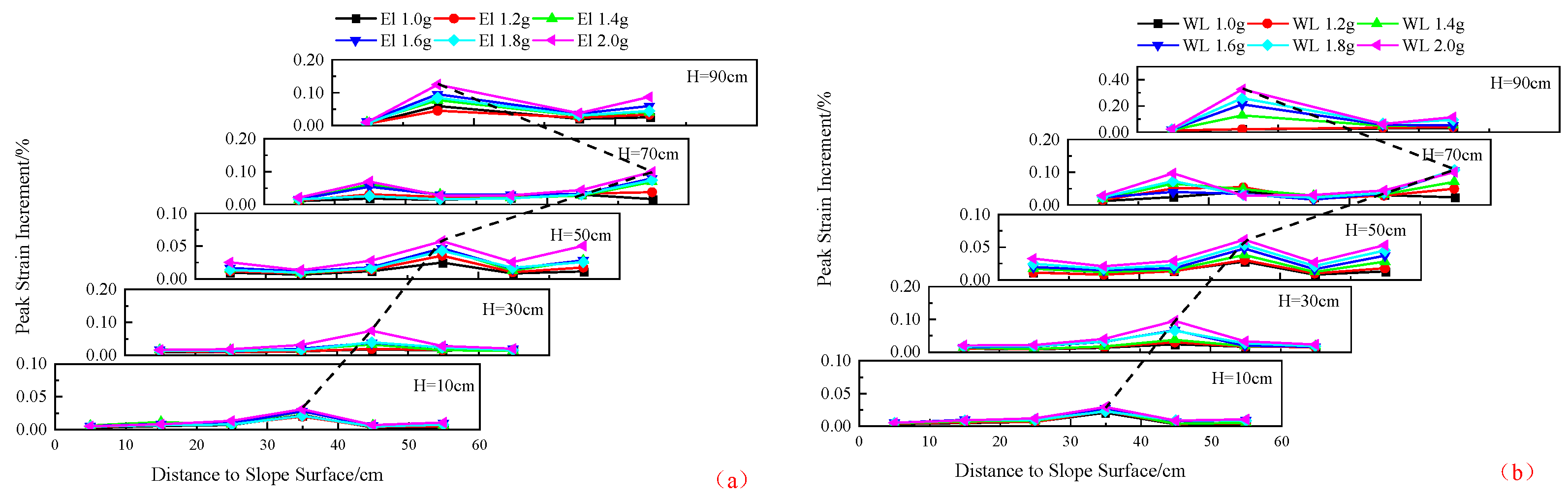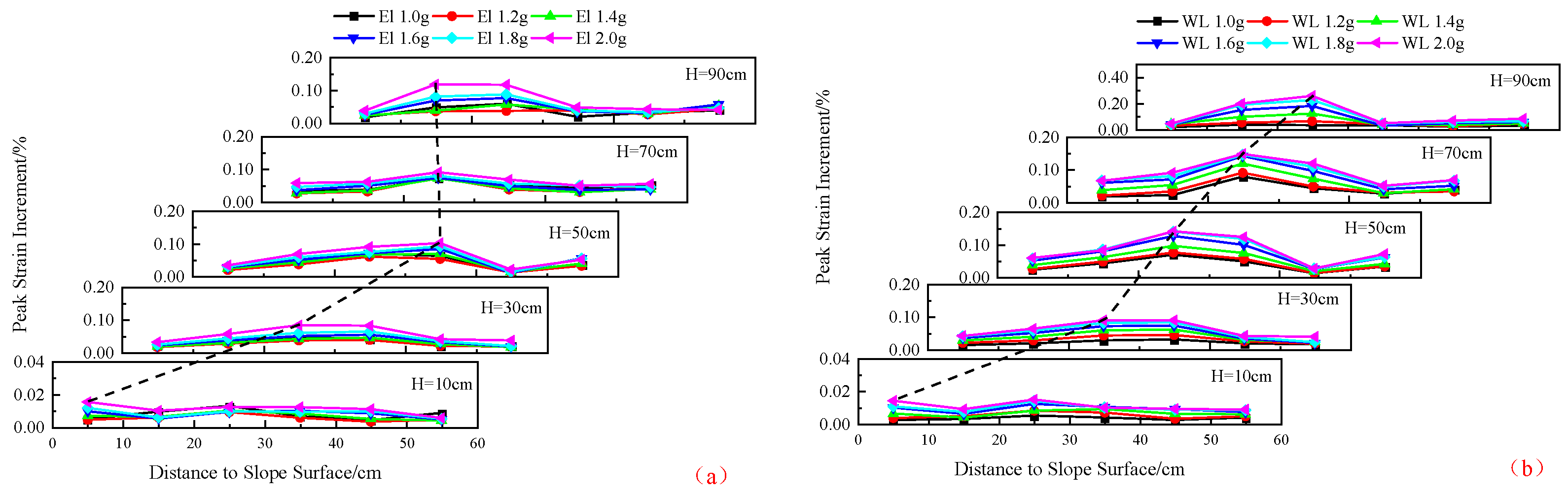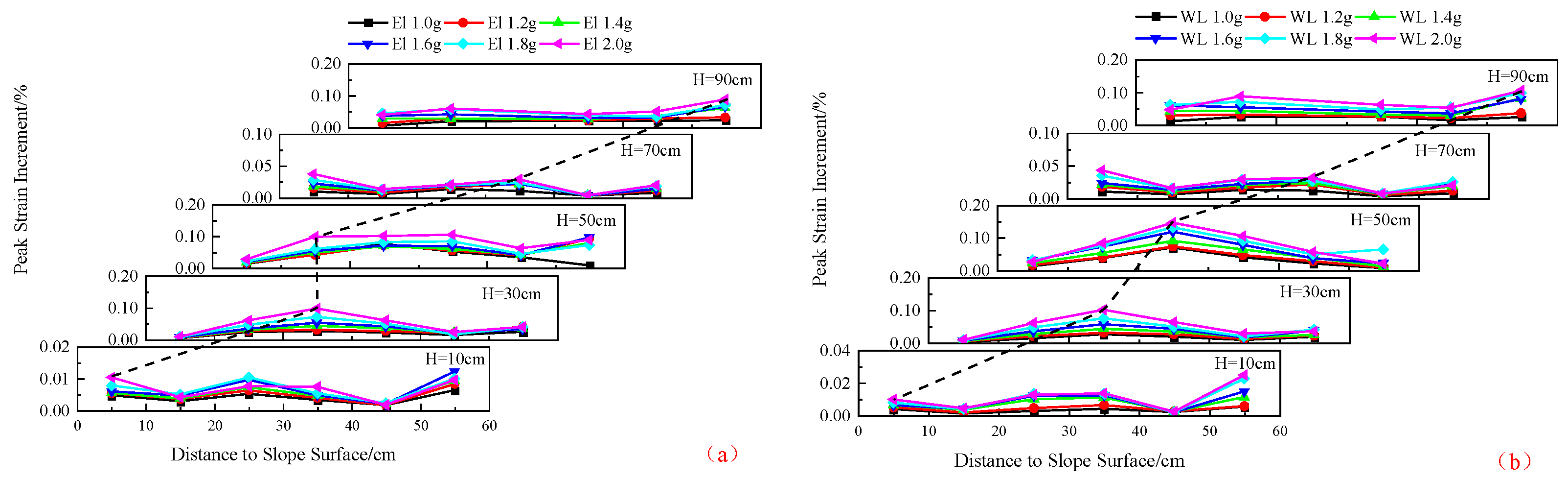 - The permanent seismic displacement of the slope face in a reinforced loess slope is influenced by the PGA. Significant displacement commenced for C-shaped wrap-around facing under the 1.0 g PGA condition, whereas for the secondary-reinforcement and self-wrap facing types, it initiated under the 0.8 g PGA condition. The total permanent seismic displacement exhibited a nonlinear increase with increasing dynamic loading. The displacement magnitudes observed under WL wave excitation were generally greater than those produced under El wave excitation.
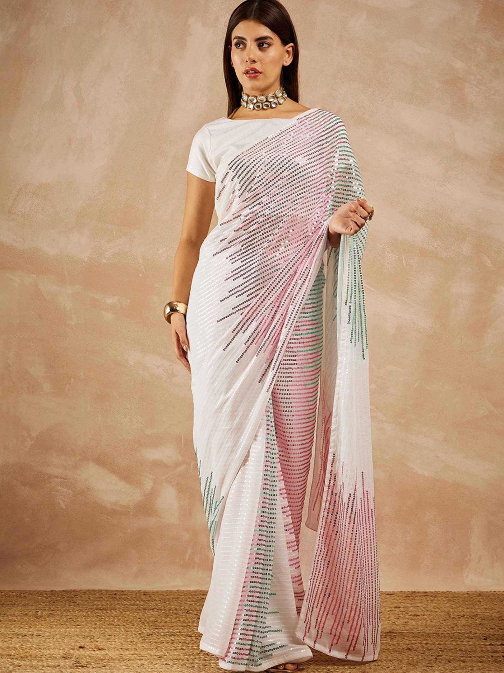 Mohvogue Roozal Sequence Georgette Party Wear Sarees
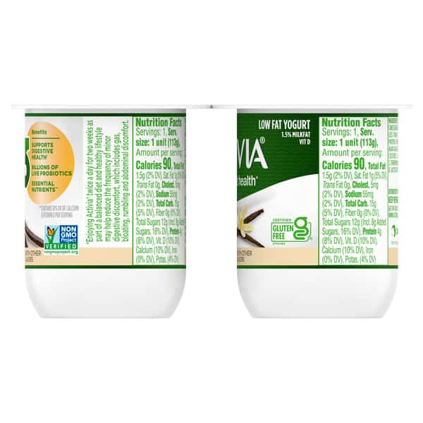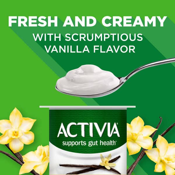 Start every day with Activia Probiotic Vanilla Lowfat Yogurt Cups, as part of your routine, from the #1 doctor-recommended probiotic brand.*** Every spoonful is full of delicious vanilla flavor and creamy texture. Plus, each serving is packed with our proprietary blend of live and active cultures and our exclusive probiotic. Probiotics are the living microorganisms that have been studied and shown to provide specific health benefits, including supporting gut health.* Activia yogurt contains Bifidobacterium lactis DN 173-010/CNCM I-2494, which has been studied and shown to survive passage through the gastrointestinal tract. Making Activia probiotic yogurt a part of your day is an easy way to help support your gut health. Grab an Activia vanilla yogurt for an easy and delicious breakfast or enjoy one in the afternoon as an on the go snack. Your gut is where it all begins. Start with an Activia Probiotic Lowfat Yogurt. *Enjoying Activia twice a day for two weeks as part of a balanced diet and healthy lifestyle may help reduce the frequency of minor digestive discomfort, which includes bloating, gas, abdominal discomfort & rumbling. **Contains 10% DV of calcium & vitamin D per serving. ***Based on a 2024 national weighted survey of 300 doctors.
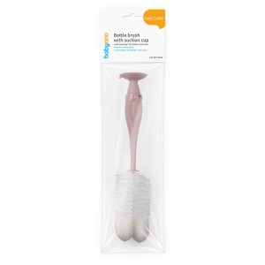 BABYONO Kartáč na lahve a savičky s přísavkou Pink
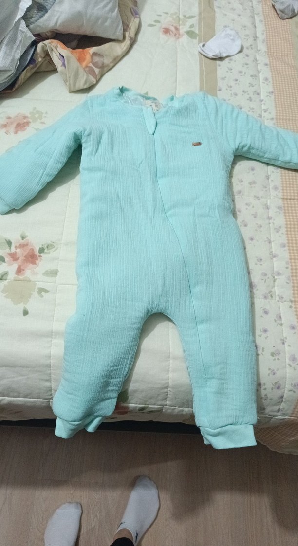 2 3 yaş desede 1 1bucuk yaşa daha iyi olur.Yumuşak keten kumaştan yapılmış, uzun kollu ve fermuarlı turkuaz bebek tulumu, sade normcore tarzında. Hastane kullanımı için uygun. sadece 1 kere giyildi oğluma küçük geldi
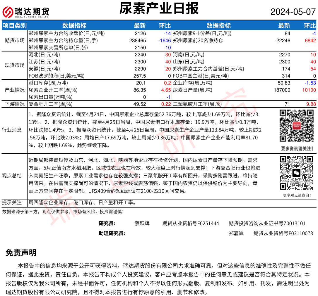 2025-12-24瑞达期货尿素产业日报20251224
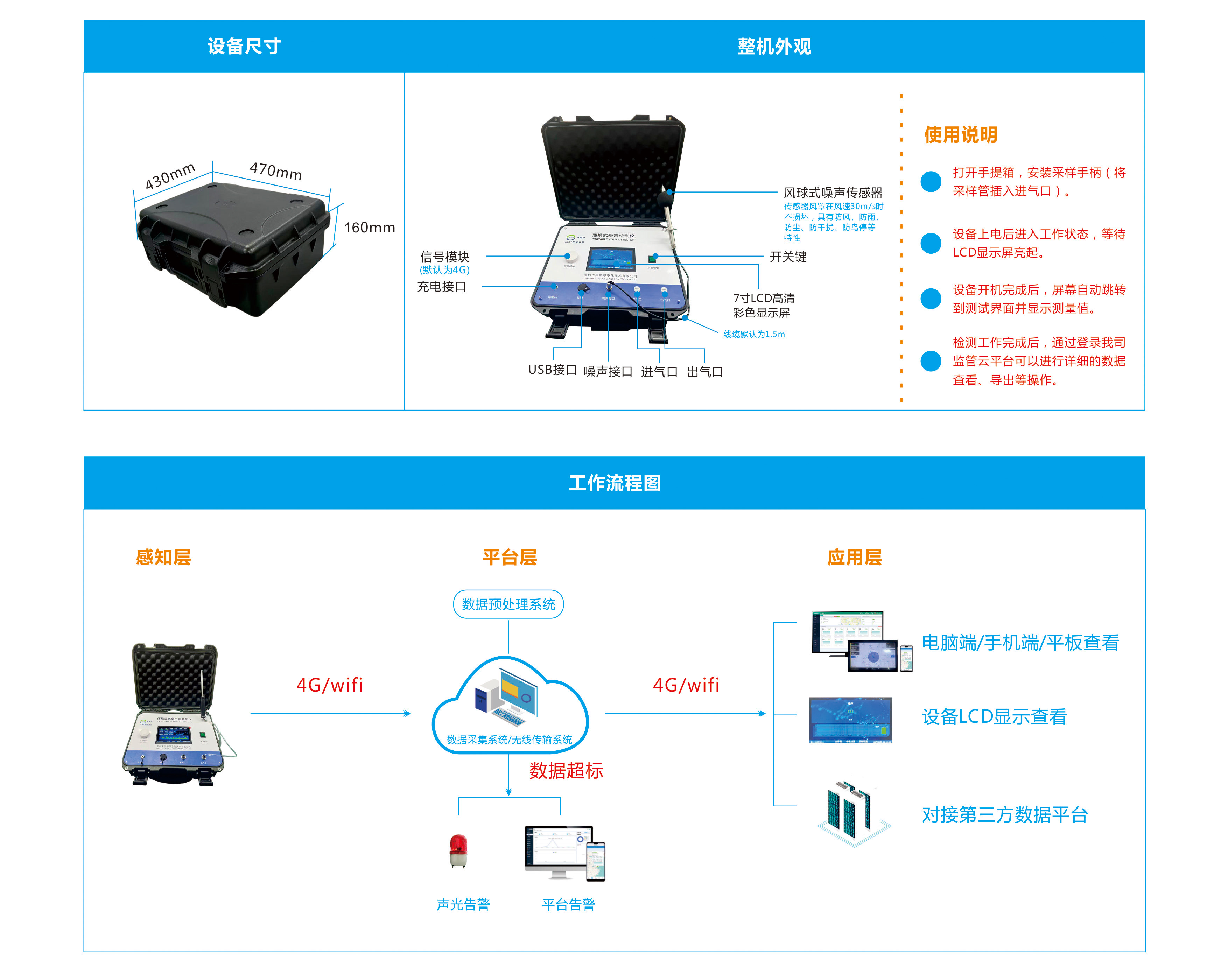 便携式噪声监测仪由户外监测箱、噪声传感器、数据采集统计分析软件、GPRS无线传输模块、服务器云平台软件,微信客户端等部分组成,主要对不同位置、不同时段的噪声进行灵活监测,获取准确的噪声数据,以便及时发现噪声污染问题并采取相应的控制措施。

= = = = = = =

Problem to work on: Would you set down the records exactly, with no pictures included?

Your response:
 - The permanent seismic displacement of the slope face in a reinforced loess slope is influenced by the PGA. Significant displacement commenced for C-shaped wrap-around facing under the 1.0 g PGA condition, whereas for the secondary-reinforcement and self-wrap facing types, it initiated under the 0.8 g PGA condition. The total permanent seismic displacement exhibited a nonlinear increase with increasing dynamic loading. The displacement magnitudes observed under WL wave excitation were generally greater than those produced under El wave excitation.
 Mohvogue Roozal Sequence Georgette Party Wear Sarees
 Start every day with Activia Probiotic Vanilla Lowfat Yogurt Cups, as part of your routine, from the #1 doctor-recommended probiotic brand.*** Every spoonful is full of delicious vanilla flavor and creamy texture. Plus, each serving is packed with our proprietary blend of live and active cultures and our exclusive probiotic. Probiotics are the living microorganisms that have been studied and shown to provide specific health benefits, including supporting gut health.* Activia yogurt contains Bifidobacterium lactis DN 173-010/CNCM I-2494, which has been studied and shown to survive passage through the gastrointestinal tract. Making Activia probiotic yogurt a part of your day is an easy way to help support your gut health. Grab an Activia vanilla yogurt for an easy and delicious breakfast or enjoy one in the afternoon as an on the go snack. Your gut is where it all begins. Start with an Activia Probiotic Lowfat Yogurt. *Enjoying Activia twice a day for two weeks as part of a balanced diet and healthy lifestyle may help reduce the frequency of minor digestive discomfort, which includes bloating, gas, abdominal discomfort & rumbling. **Contains 10% DV of calcium & vitamin D per serving. ***Based on a 2024 national weighted survey of 300 doctors.
 BABYONO Kartáč na lahve a savičky s přísavkou Pink
 2 3 yaş desede 1 1bucuk yaşa daha iyi olur.Yumuşak keten kumaştan yapılmış, uzun kollu ve fermuarlı turkuaz bebek tulumu, sade normcore tarzında. Hastane kullanımı için uygun. sadece 1 kere giyildi oğluma küçük geldi
 2025-12-24瑞达期货尿素产业日报20251224
 便携式噪声监测仪由户外监测箱、噪声传感器、数据采集统计分析软件、GPRS无线传输模块、服务器云平台软件,微信客户端等部分组成,主要对不同位置、不同时段的噪声进行灵活监测,获取准确的噪声数据,以便及时发现噪声污染问题并采取相应的控制措施。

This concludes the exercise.